E tam walka jest zrobiona według mnie słabo
, dopiero po tych kończących ciosach jak ma się określona ilość adrenaliny robi się trochę lepiej. Na dodatek walka trwa za długo. Gdy był wybór walka czy nie... brałem nie. Zręcznościowy system walki to największy minus w moim odczuciu.
Ja DA2 przeszedłem robiąc wszystkie zadania na trudnym poziomie w niecałe 45h
nie licząc czasu, który straciłem jak się gdzieś zatrzymałem. A W2 robiąc prawie wszystkie zadania w ok. 30h.
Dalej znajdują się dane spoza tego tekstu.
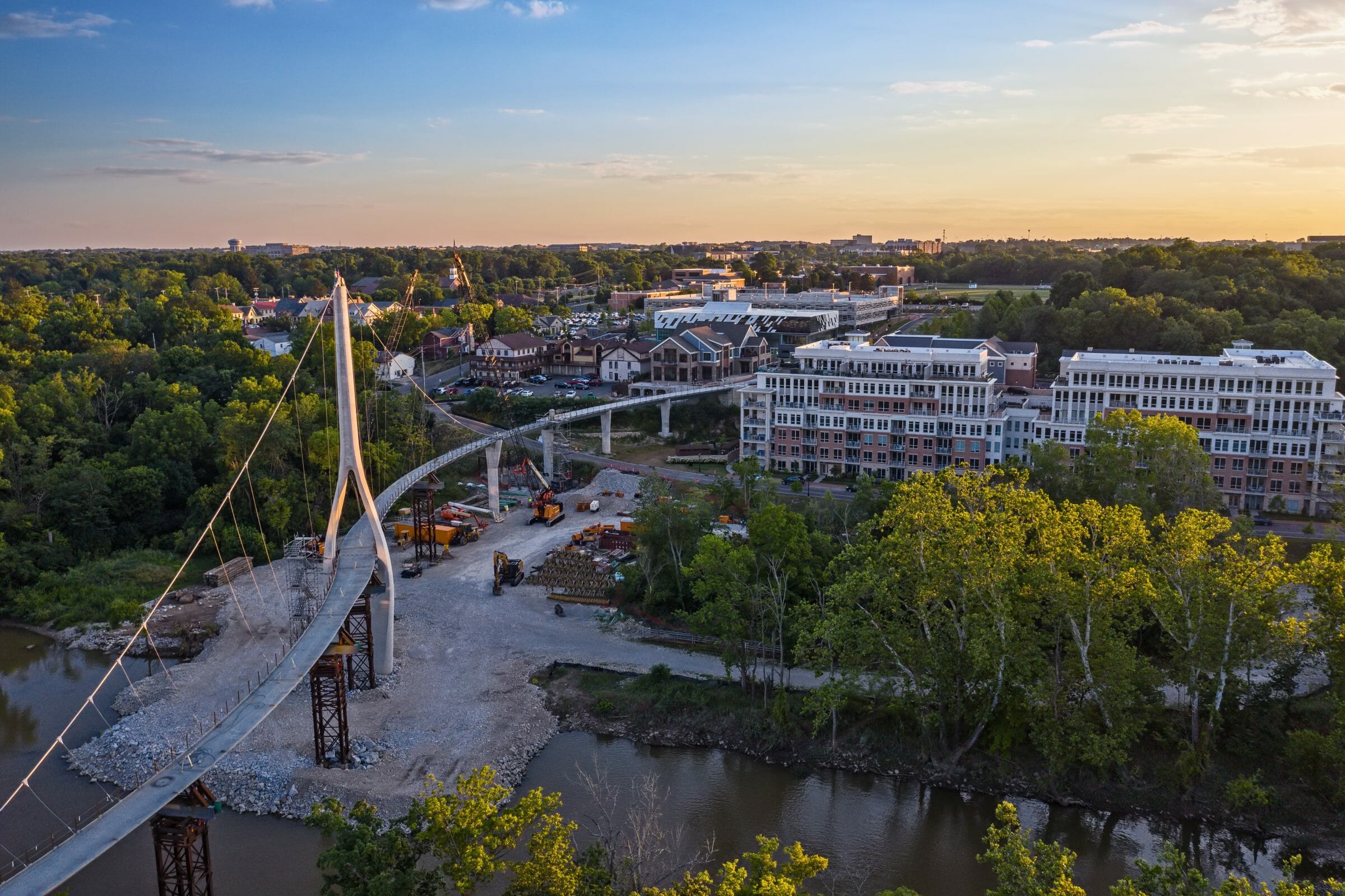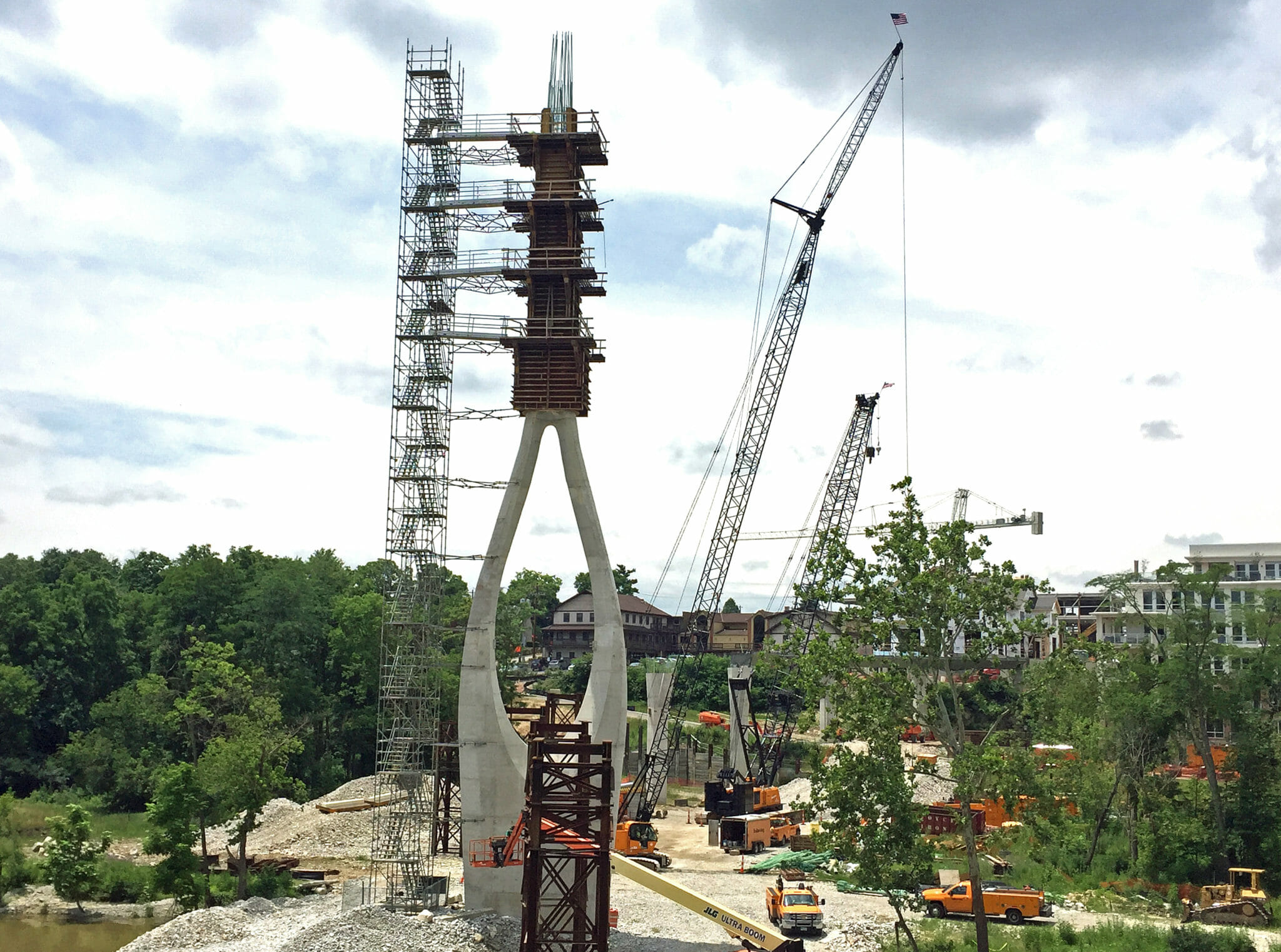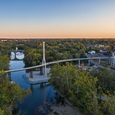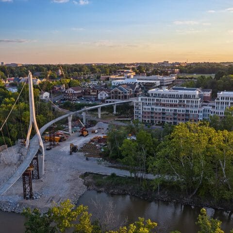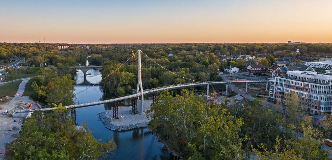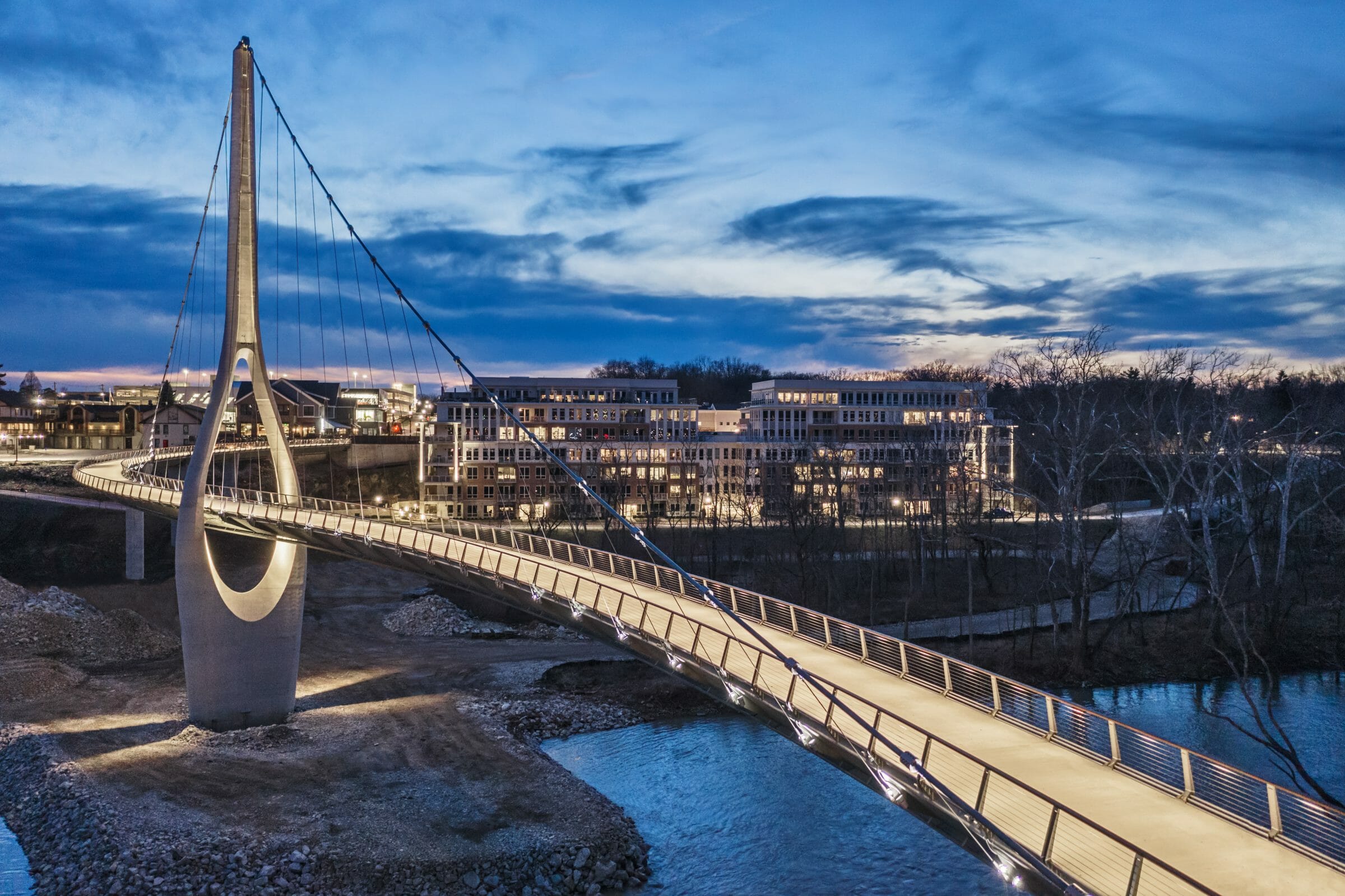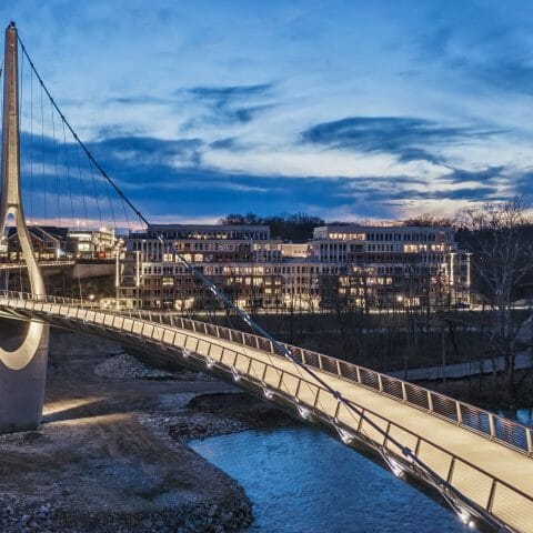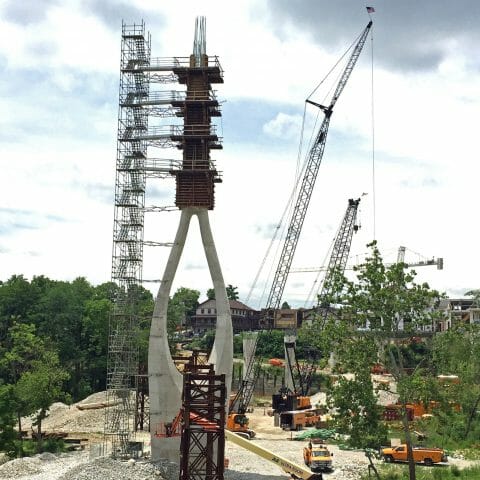 INSIDE THE PROJECT Kokosing served as the Construction Manager/General Contractor (CM/GC) to the City of Dublin, Ohio to construct a new pedestrian and bicycle bridge over the Scioto River. This iconic landmark connects downtown Dublin to the future Riverside Crossing Park. Kokosing began foundation work in May 2017 and self-performed the construction of all bridge foundations, bridge piers, the construction of the 172-feet-tall main pylon that supports the suspension cables, and the bridge deck totaling 2,100-cubic-yards of structural concrete; the installation of 608-feet of 120 mm main cable and 1,727-feet of 21 mm hanger cables, and the installation of 760 feet of variable geometry structural steel triangular box segments. Of the 760-feet-long span, 500-feet is suspended by one main suspension cable on either side of architectural main pylon. Kokosing worked closely with the City of Dublin and designer T.Y. Lin to resolve constructability issues during the plan finalization process. This allowed for savings to the owner along with increased time to develop solutions to the unique challenges that the geometry of the project presented. PROJECT DETAILS: Project Owner: Dublin, Ohio Project Value: $22,100,000 Delivery Method: CMGC CAPABILITIES: Bridges D-B/CMGC EUGENE C. FIGG JR. MEDAL 2021 International bridge Conference Awards (IBC) Learn More 2021 PROJECT OF THE YEAR American Society of Highway Engineers (ASHE) Great Lake Region SOCAL ILLUMINATION AWARD OF MERIT- EXTERIOR 2021 IES Los Angeles and IES Orange County BEST PROJECT 2020 ENR Midwest NO. 2 IN TOP 10 BRIDGES LIST, 2020 Roads and Bridges Learn More BEST BRIDGE/HIGHWAY PROJECT AWARD, 2020 Engineering News-Record (ENR), Midwest Learn More OUTSTANDING PROJECT AWARD, NEW BRIDGES AND TRANSPORTATION STRUCTURES, 2020 National Council of Structural Engineers Association (NCSEA) OUTSTANDING SPECIAL PURPOSE BRIDGE AWARD 2020 Association for Bridge Construction and Design Ohio Chapter (ABCD) Learn More TRANSPORTATION PROJECT OF THE YEAR 2020 Engineers’ Society of Western Pennsylvania (ESWP) Learn More PROJECT OF THE YEAR 2020 ASHE Central Ohio PROJECT OF THE YEAR 2020 ASHE Great Lakes Region SLAG CEMENT PROJECT OF THE YEAR 2020 Slag Cement Association SOCAL ILLUMINATION AWARD OF MERIT EXTERIOR 2020 Illuminating Engineers Society of LA EUGENE C. FIGG JR. MEDAL 2020 International Bridge Conference PROJECT OF THE YEAR AWARD, GREEN DESIGN 2019 SLAG Cement Association (SCA) Learn More Close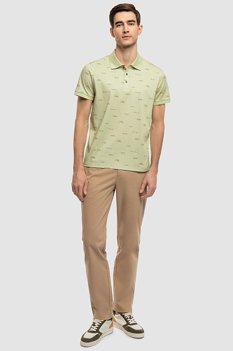 Поло KANZLER из хлопка в спокойном и изысканном оливковом оттенке. Природная гамма является неизменным трендом и выгодно подчеркивает достоинства внешности. Гипоаллергенный материал из натурального 100-процентного хлопка дарит ощущение легкости и свободы, позволяя коже дышать и сохраняя ощущение свежести даже в самый жаркий день. Узор из небольших надписей призывает нарушать правила, ощущать дух свободы и стремиться вдохновлять. Идеальным дополнением к поло станут брюки в натуральных оттенках и кожаные кеды. Параметры модели: рост 192, 101-76-97 Размер на модели: M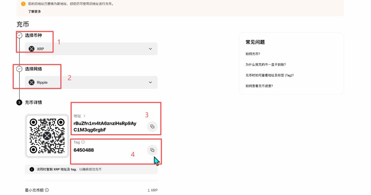 其实我们看绝大部分我们提的都是USDT这个币种,当然它还有其他的币种可以提,这里我们来看XRP这个比较特殊的币种。网络这里它有一个自己的专属网络。除了它的充币地址之外,它还有一个tag,也就是一串数字。你在其他地方提的时候,同时也要输入这个tag以及这个地址,才能够把XRP由其他交易所提到欧易交易所里面来。这个就是充币的环节。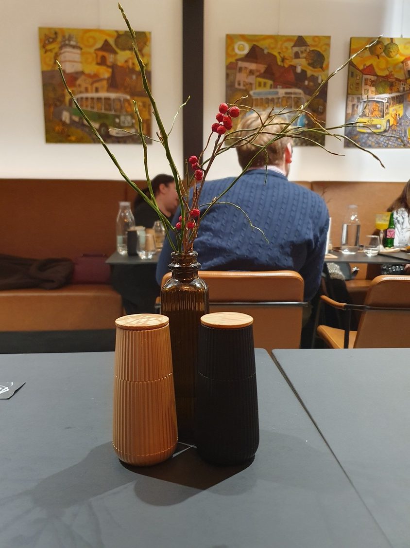 Otthonos, hangulatos, szépen berendezett kávézó-étterem Késmárk központjában. A nyerstéglás beltér, a nyírfacsemetékből összeállított válaszfal-féleség, a falakat ékítő, keret nélküli festmények, a bútorzat egyfajta korszerűen rusztikus atmoszférát teremt. A terem végében a fémből készült polcrendszeren szakkönyvek, dísztárgyak, tányérok, vágódeszkák, konyhai edények pihennek, továbbá aszalványok hatalmas befőttesüvegekben. A beltér egyik különleges eleme egy megkezdett egész minőségi érlelt sonka, amiből a vendég magának farigcsálhat szeletkéket egy erre szinte alkalmatlan késsel. Az asztalon só- és borsdaráló, aprócska üvegváza ágakkal. A hely Facebook-oldala kávézóként definiálja az egységet, de a bisztró-vonal legalább olyan erős, nem szólva a gondosan összeválogatott alkoholos italokról.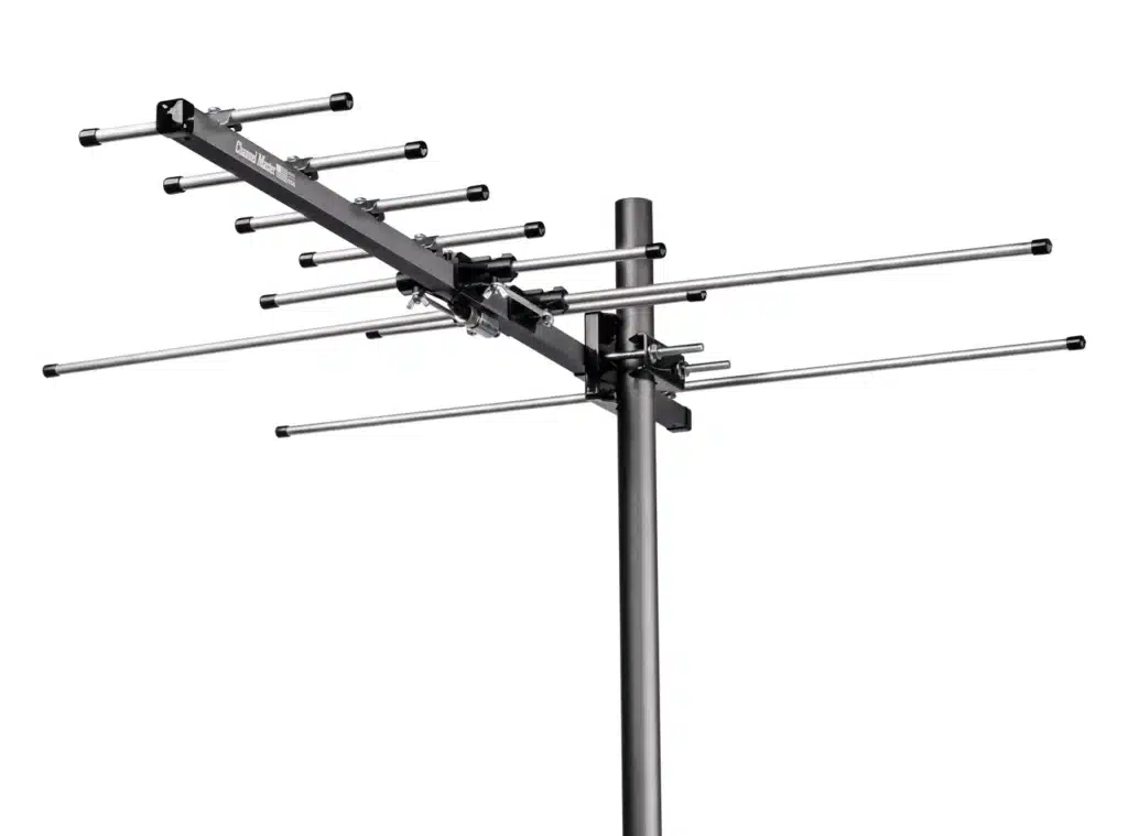 A professional-grade UHF/VHF/Low-VHF outdoor TV antenna designed for both commercial and residential applications. With excellent signal reception properties and a sleek design, the Channel Master Pro-Model antenna offers a 70+ mile range.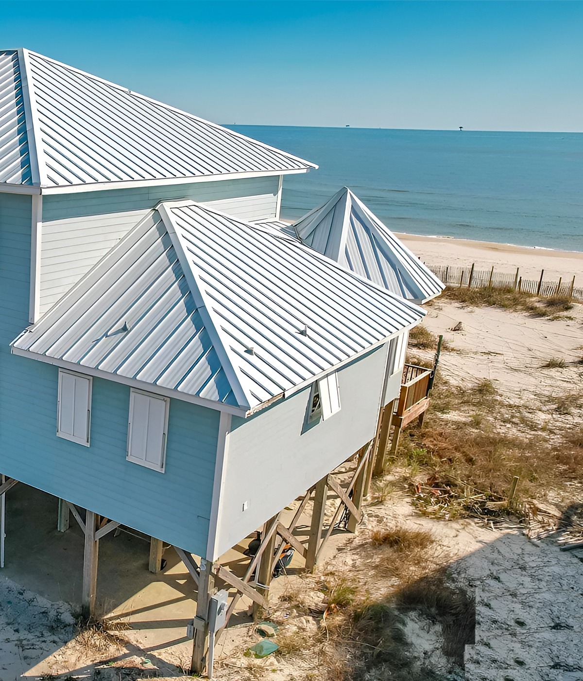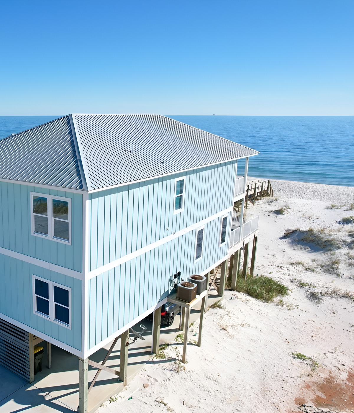 Last up, this beachfront beauty mixes classic lines with a pop of color. Tall, bold blue shutters shade the giant windows. The big deck stretches right over the sand, offering endless places to relax and soak in the sea air. Metal roofing tops it all off, ensuring durability and a crisp look.

W2 ma zmarnowany potencjał
bo według mnie jest mało zadań pobocznych, gdyż mogło być ich o wiele więcej. Tak samo ze światami jest ich mało. Na mój gust to podobał mi się tylko ten w prologu i 2 akcie grając po stronie Iorwetha. A na dodatek te wspinanie w wyznaczonym miejscu jest do bani.
Co do fabuły i aktów można było się bardziej postarać. I tu jest zmarnowany potencjał. Ok 30h grania, tej grze przydałoby się 1 - 2 lata, aby ją udoskonalić, tak samo jak z DA2. Tylko, że największymi grzechami Bioware są - powtarzalne i nieładne lokacje, brak zmienienia zbroi towarzyszowi, zbyt dużo walki, trudność (brak w niej logiki) i drastyczne uproszczenia. Dla mnie to jest tylko, bo te minusy mniej uprzykszały mi czerpanie przyjemności z grania.
A DA2 i W2 deklasuje W (wiedźmin, część pierwsza)
, bo w niej jedyny minus to mało broni, zbroi itp.
Ech, mam nadzieję, że nie zawiodę się na Skyrim
Nie żeby W2 był taki zły (to dobra gra), ale pod wieloma aspektami mnie rozczarował.